Can anyone show me one verse where Jesus treated Occult themes as a plot in a story that has a positive ending or any verse in the Bible treated any occult themes in that way?

I have no desire to question anyone’s salvation, intelligence, sincerity or worth? I really would love to be able to stick to what the Bible says or just tell me straight up that what the Bible says is less important than our freedoms to do what we want.

Will someone take the time to read the passages on the occult and even add to my list if I left something out and be honest about what the Bible says on the subject? Is this a gray area or is God’s Word clear? Does the God of the universe have a different opinion than what is in the Bible or is He and old guy who is old fashioned and out of touch with our modern civilization and our advancements in understanding? How could He let His book be so full of stuff that isn’t even real?

Crazy to think that God is deluded but WE have figured out what is real. Maybe we should create our own Bible that cuts out all the crazy stuff and ads some of our modern enlightenment.

I’m deluded enough to want to stick with what the greatest book of all times says and I want Him to rule my life. He is the King of Kings and the Lord of Lords. I’ve watched demons tremble at His name! I’ve seen Him set witches free (whether they were real or only in their minds it was definitely a fight).

Jesus has Michael the Archangel cast lucifer into the lake of fire at the end of the story. He is so much more powerful than lucifer and his minor kingdom that He doesn’t even get His hands dirty. The battle is not between two equal opposing forces, God’s kingdom is greater.

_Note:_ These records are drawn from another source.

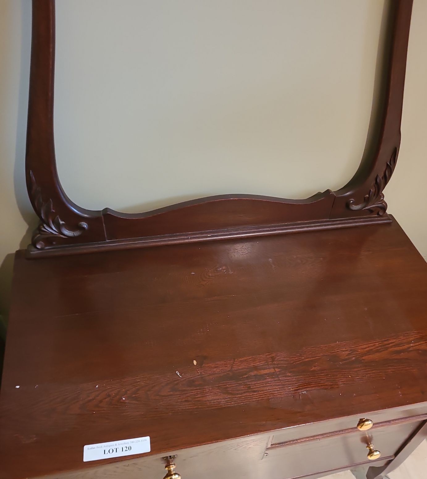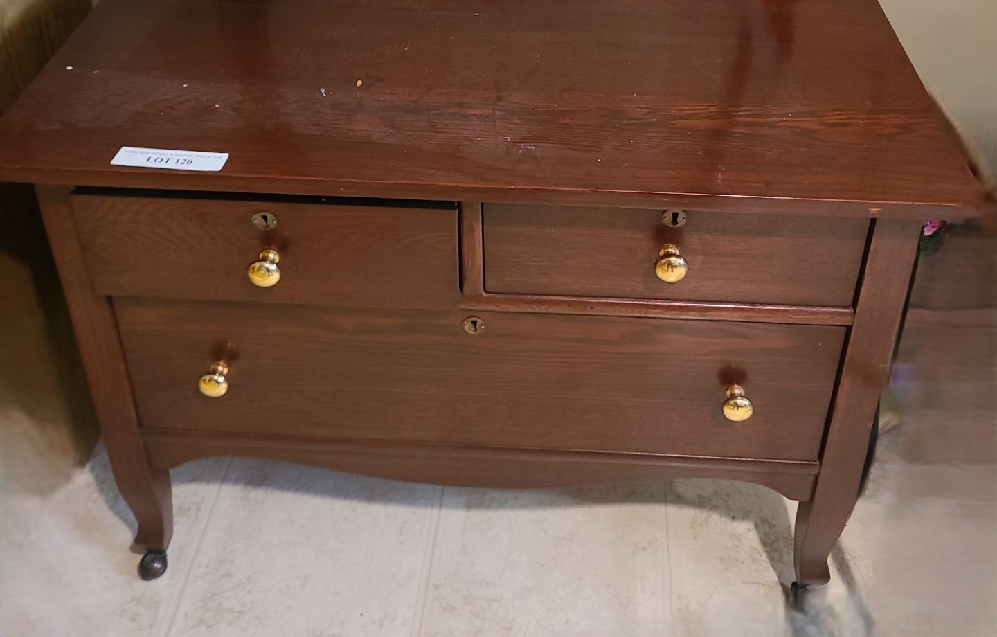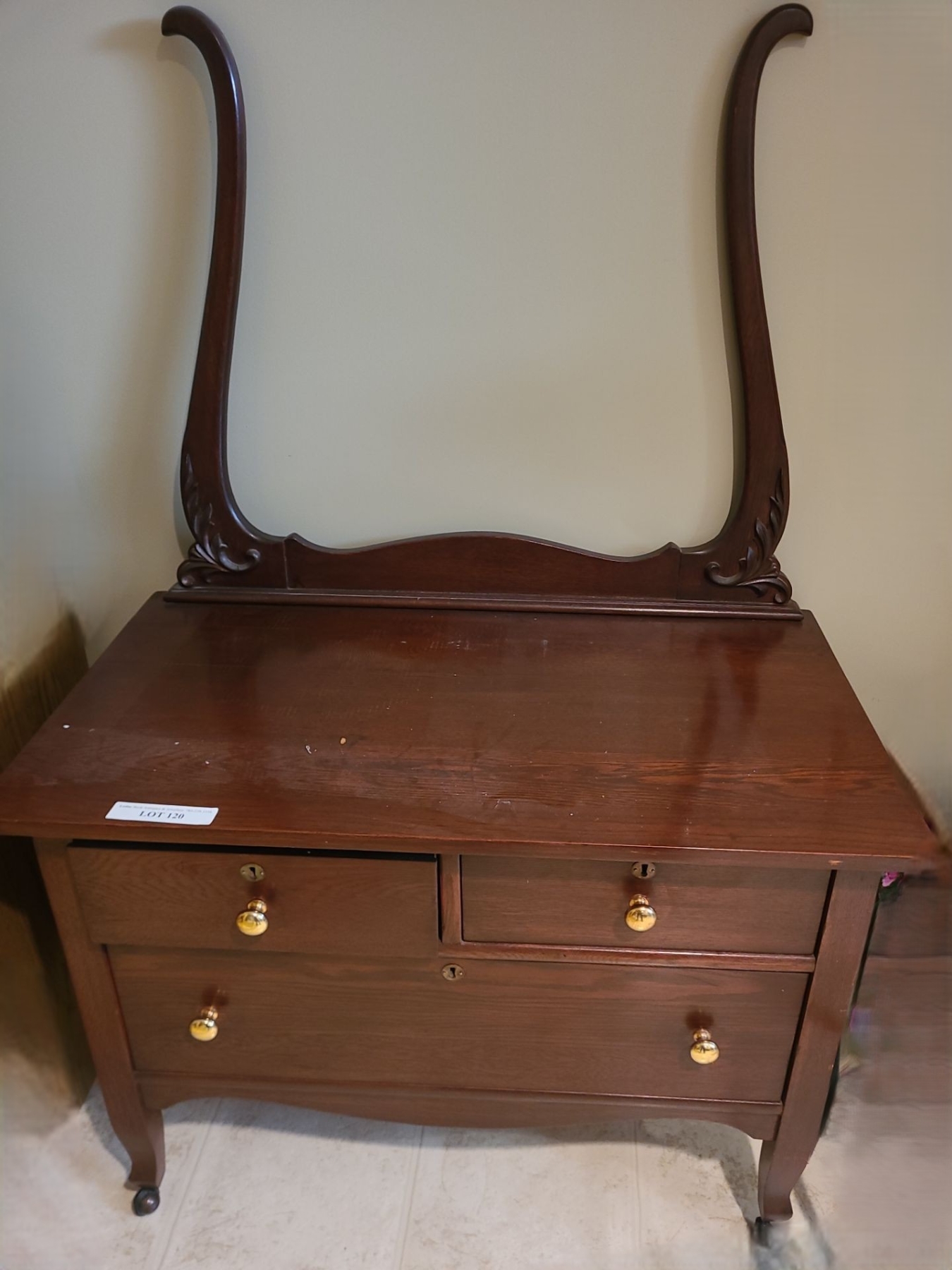 Lot 120 Wood 3 Drawer Dresser (Bar missing) 36 w 54 h
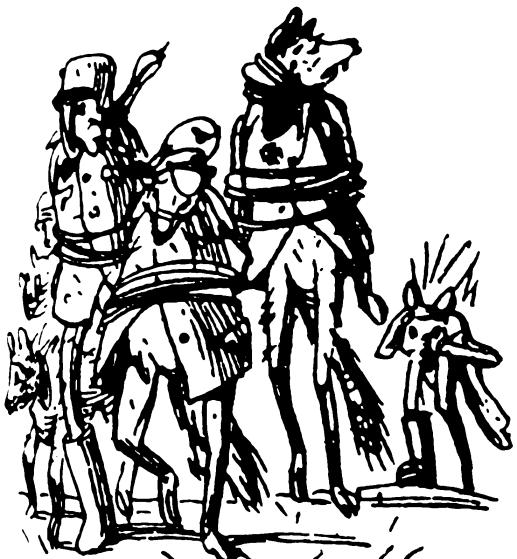 Победа! Победа! Но враг не разбит! Злодей Бармалей за рекою стоит. Он стоит, Бармалей, и позёвывает, На цветы луговые поплёвывает, А слюна у него ядовитая: Где ни плюнет, там змеи и ящерицы. Он стоит со своими удавами, Со своими волками кровавыми. Вкруг него павианы поганые На траве развалилися пьяные. Он стоит над весёлыми сёлами, Над полями стоит он весёлыми И бормочет бессмысленным голосом: «Истребить! Погубить! Уничтожить! Убить! Погубить! Разбомбить! Ни людей, Ни детей — Никого не щадить!» А за ним крокодилы с гориллами, С кабанами его тупорылыми Повторяют и ночью и днём: «Загрызём! Искалечим! Убьём!» 2
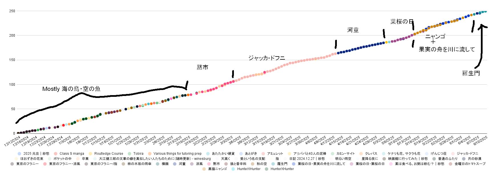 Anyways, I came across a book with a chapter titled “Autofiction and the Shishosetsu: Women Writers and Reinventing the Self” within which there was an analysis of the 鷺沢萠 book 私の話. This isn’t translated to English, and because I had a lot of free time, I decided to buck up and learn the language by doing duolingo on and off for a couple of years - whoops. After the third or so time restarting I found the Tofugu grammar webpage and used that to get explanations (and then dropped it again).

May His light and truth prevail.

These are simply the ramblings of one who has chosen to believe the Bible is real, God is real, satan is real, angels are real, demons are real, Jesus is coming back for a spotless bride. He is a good shepherd, a great Daddy and He loves every one reading all this. Whatever He says, I agree with. May everyone reading all of this be blessed to know Him more and better. May He heal the wounds in your heart from those who have judged and condemned you. I’m not in that camp though you might think so. I just want to engage on what the Bible says on the subjects at hand. Blessings to all.

Leah Burchfiel
Member

Lord help us when you discover hermeneutics.

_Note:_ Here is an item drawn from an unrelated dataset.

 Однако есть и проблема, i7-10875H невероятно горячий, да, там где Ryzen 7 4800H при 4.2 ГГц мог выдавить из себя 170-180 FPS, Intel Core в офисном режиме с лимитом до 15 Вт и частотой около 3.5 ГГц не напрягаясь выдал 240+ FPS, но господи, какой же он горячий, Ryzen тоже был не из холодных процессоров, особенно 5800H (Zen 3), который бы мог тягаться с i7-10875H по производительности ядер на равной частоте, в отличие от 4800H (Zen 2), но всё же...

I’ve been dancing around this, but I’ll flat out say, I don’t believe in witches, sorcerers, vampires, etc. My belief in demons is suuuuuper abstract. There is no credible evidence that stuff even exists on the material plane. You might have people who wanna be witches, but no matter how many herbs they throw together or incantations they chant, ain’t doing nothing in the real world.

And I know very well this is going to make you doubt my salvation, and I can’t stop you, but I can decide that the opinion of some dude on the internet who can’t analyze his way out of a paper bag doesn’t actually make me feel bad about myself.

Richard Mull
Guest

Prooftexting – That is when you pick and choose the verses that support your point of view. It has been my goal to include every scripture on the subject within the Bible. I did not leave anything out intentionally. I simply what to know what God, His Word and Jesus have to say about the subject that have become commonplace in our world today. I don’t want to support any viewpoint of my own. I want God’s Word to shape my life, my worldview. Please give me scriptures that put the subjects of magic, sorcery, witchcraft, divination, vampirism (this can be found in the bible if you know the Hebrew) and other subjects. Please show me where I am proof texting. It would seem that the same standard is not put up to anyone else in their discussion of the subject. What does God say about these subjects? Is He wishy washy? What happened to Saul when He turned to sorcerers instead of listening to God’s voice? Why did God drive the people out of the Holy Land? What does the book of Revelation say on the subject? Do any of these things matter in the discussion or am I just proof texting? It is not my desire to accuse anyone about anything. I only want to know what the Bible actually says?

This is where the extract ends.